Tuesday, March 13, 2007

Watertown, Chapter 1


BERESHIT
“God that made the world and all things therein, seeing that he is Lord of heaven and earth, dwelleth not in temples made of hand.”
— Acts 17:24

“When the Lord saw how great was man’s wickedness on earth, and how no desire that his heart conceived was ever anything but evil, he regretted that he had made man on the earth, and his heart was grieved.”
— Genesis 6:5

"If capitalism is criticized for treating human beings like commodities, what are we to say of an institution — the state — that treats human beings like garbage?"
— Historian Ralph Raico

"It weren’t the storm but what came after...that nailed us."
— Anonymous

"Again, I want to thank you all for — and, Brownie, you're doing a heck of a job. The FEMA Director is working 24 — (applause) — they're working 24 hours a day.
— gwb

WATERTOWN
Chapter One

Warm wind danced his hair about his face. Jack peered out the window as the Santa Fe Super Chief brushed to a stop. The April sun glinted through the trees, the leaves bursting green in the early light. Seven hills ringed St. Joe, seeming to lift the buildings rounding out the town in a lolling, litling game of green bluffs covered with mustard grass and silent white clouds smiling down.Jack squinted, tracking the shadows dancing and floating across the streets and up the hills.
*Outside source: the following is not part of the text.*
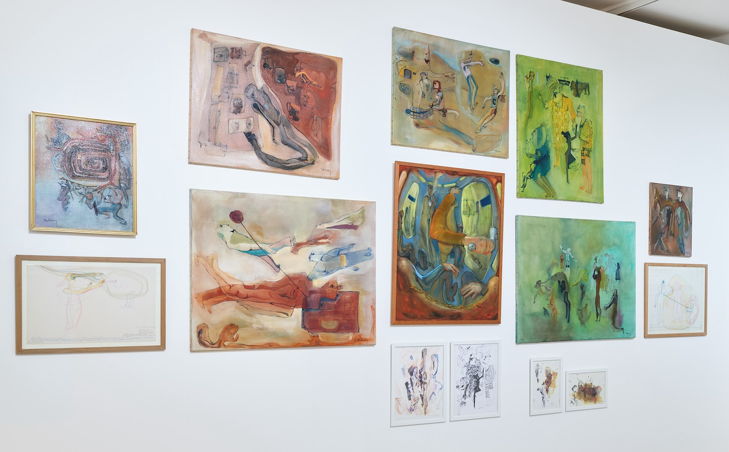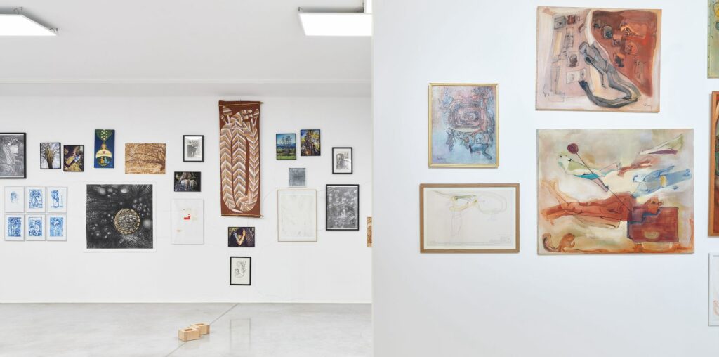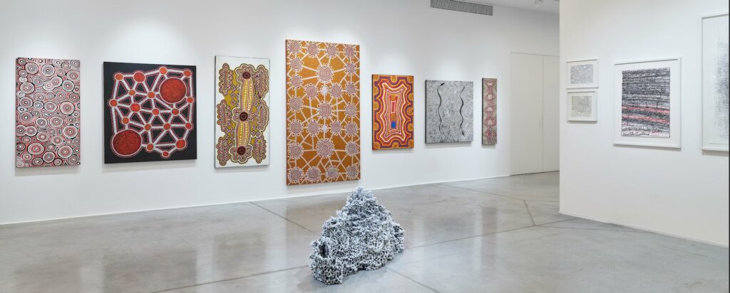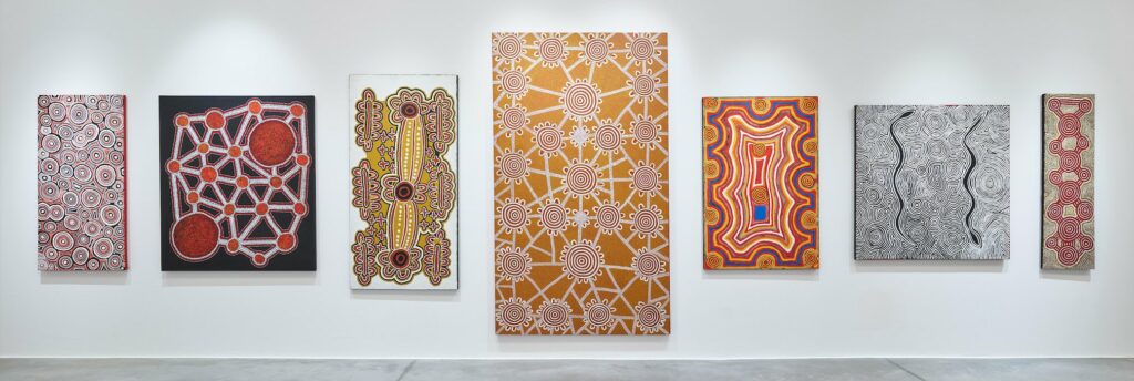 Parmi cette sélection, certaines font écho à un ensemble inédit dédié à l’art aborigène, avec des peintures plus ou moins récentes réalisées par Samantha Wilson Napurrurla, Tjumpo Tjapanangka, Leon Spencer Japaljarri, Peggy Rockham Napaljarri, Dave Ross Pwerle, Lilly Sandover Kngwarreye, Warlimpirrngna Tjapaltjarri, Theo Hudson Nangala, Sarrah White Napurrurla. Cet ensemble constitué avec la collaboration de la galerie Stéphane Jacob Arts d’Australie à Paris, rassemble une série de peintures au dessin géométrique arborescent symbolisant des pistes mémorielles reliées à des figures de la mythologie du « Dream Time » aborigène ». Ces peintures ont aussi en commun de renvoyer à la structure doublement symétrique et arborescente de l’arbre sephirotique des kabbales juives et chrétiennes, auxquelles elles font échos dans différents endroits de l’exposition.

He mouthed their names: King Hill, Queen Hill, Devil’s Backbone, Wyeth’s Hill, Aventine, Esquiline, and Palatine. Crazy town, he whispered.

Jack stood up. He slung his rucksack across his shoulder and walked down the aisle and jumped out the door onto the platform. He turned to face the train. The Super Chief let out two long blasts. The air brakes hissed. The conductor stuck his head out of the caboose window and nodded. The engineer up front snapped his fingers twice. Checking his pocket watch, the engineer clasped shut the hunting case. The train whistle let off two short blasts. The pinions engaged. The Super Chief chugged and rolled away.
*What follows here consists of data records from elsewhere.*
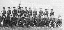 Gloucester was the first ship to set anchor in the Bay of Guánica. Twenty-eight sailors and Marines, under the command of Lieutenants H. P. Huse and Wood, departed from the ship on rafts and landed on the beach. The Marines lowered the Spanish flag from the beach flagpole and replaced it with the American flag. They then proceeded to set up a machine gun nest and placed barbed wire around their perimeter. The first land skirmish in Puerto Rico between the Puerto Rican militia and the American forces occurred when Lt. Méndez López and his men attacked and opened fire on the Americans. During the small battle which followed, the Americans returned fire with their machine gun and Gloucester began to bombard the Spanish position. Lt. Méndez López and three of his men were wounded and the militia unit was forced to retreat to the town of Yauco.[29][30]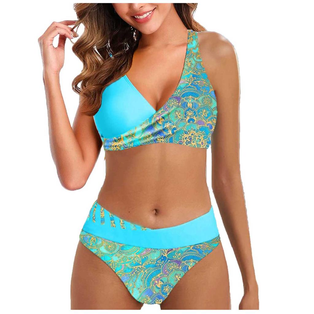 Женское модное бикини с разрезом и высокой талией, с подушечками для бюстгальтера и без стального купальника с бюстгальтером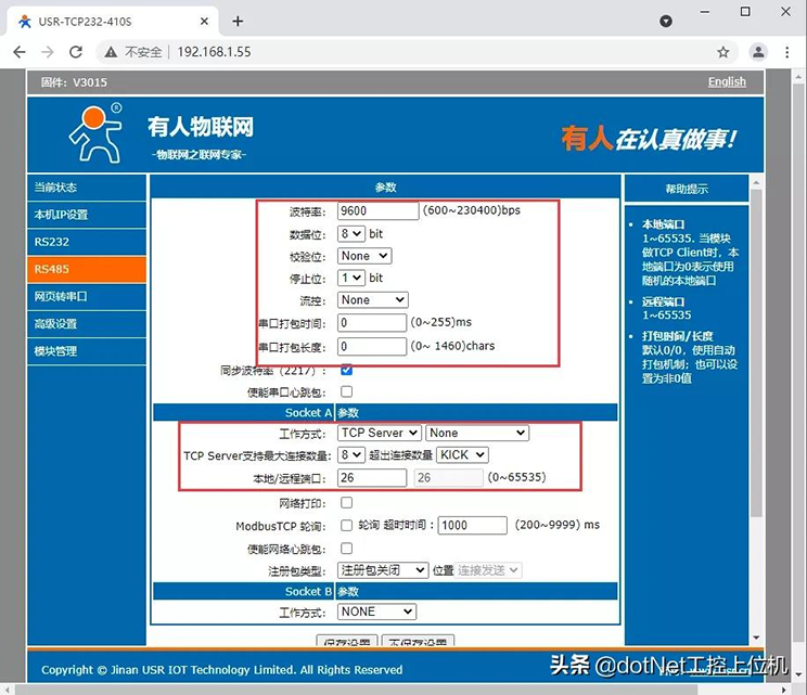 切換到RS485設(shè)置頁面,主要是設(shè)置一下串口參數(shù)和Socket參數(shù)。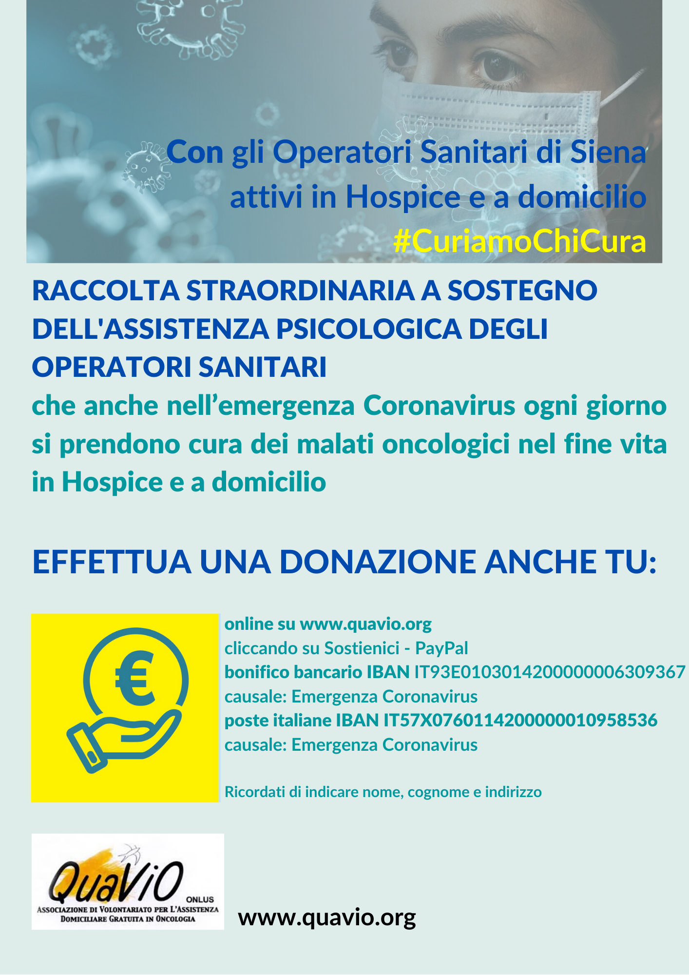 #CuriamoChiCura è accanto agli operatori sanitari di Siena attivi in Hospice e a domicilio garantendo il supporto psicologico a medici, infermieri e personale non sanitario che si dedicano, ogni giorno, alla cura dei malati oncologici nel fine vita: obiettivo finale è offrire supporto contro ansia, angoscia e paura. Ecco come Quavio, insieme all’Unità Funzionale Cure Palliative dell’Azienda Usl Toscana sud est, sta affrontando l’emergenza COVID-19. Per raggiungere l’’obiettivo è stata attivata una campagna di raccolta fondi.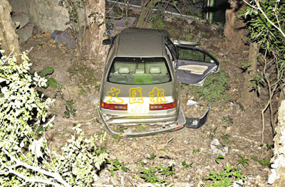 衝落10米斜坡的私家車,撞到大樹始停下。

The engineer waved. Jack waved back. He stood and watched the train gather speed and curl along the tracks at the edge of the shimmering river. When the Super Chief disappeared around the bend, Jack stepped across the platform and stopped. He turned around, looked down and jumped on the tracks. Crunching gravel underfoot, he crossed the tracks and walked on. He stopped, and looked to the town spread out beyond the platform. Cocking his head, he could hear the westerly winds roar in his left ear. He turned and faced the river, watching it silently move and sparkle behind a giant wall of sycamore trees.

He hadn’t been home in years. On the train he had imagined himself sprinting all the way home. Instead, he stared at the river. Minutes crept by. Jack finally shook his head and came to life and laughing out loud he shambled down the sloping valley floor, squeezing past the sycamores and the saplings. The ground cleared off as he approached the river below. Foxtail moored the shore. Moss-covered boulders lay tumbled, piled upon a sand bar near the shore.Jack jumped onto the nearest outcrop. He hopped from one boulder to the next until finally he stopped on a massive rock sticking out six feet from the shore. He dropped his rucksack on top of the rock and sat down, crossed-legged.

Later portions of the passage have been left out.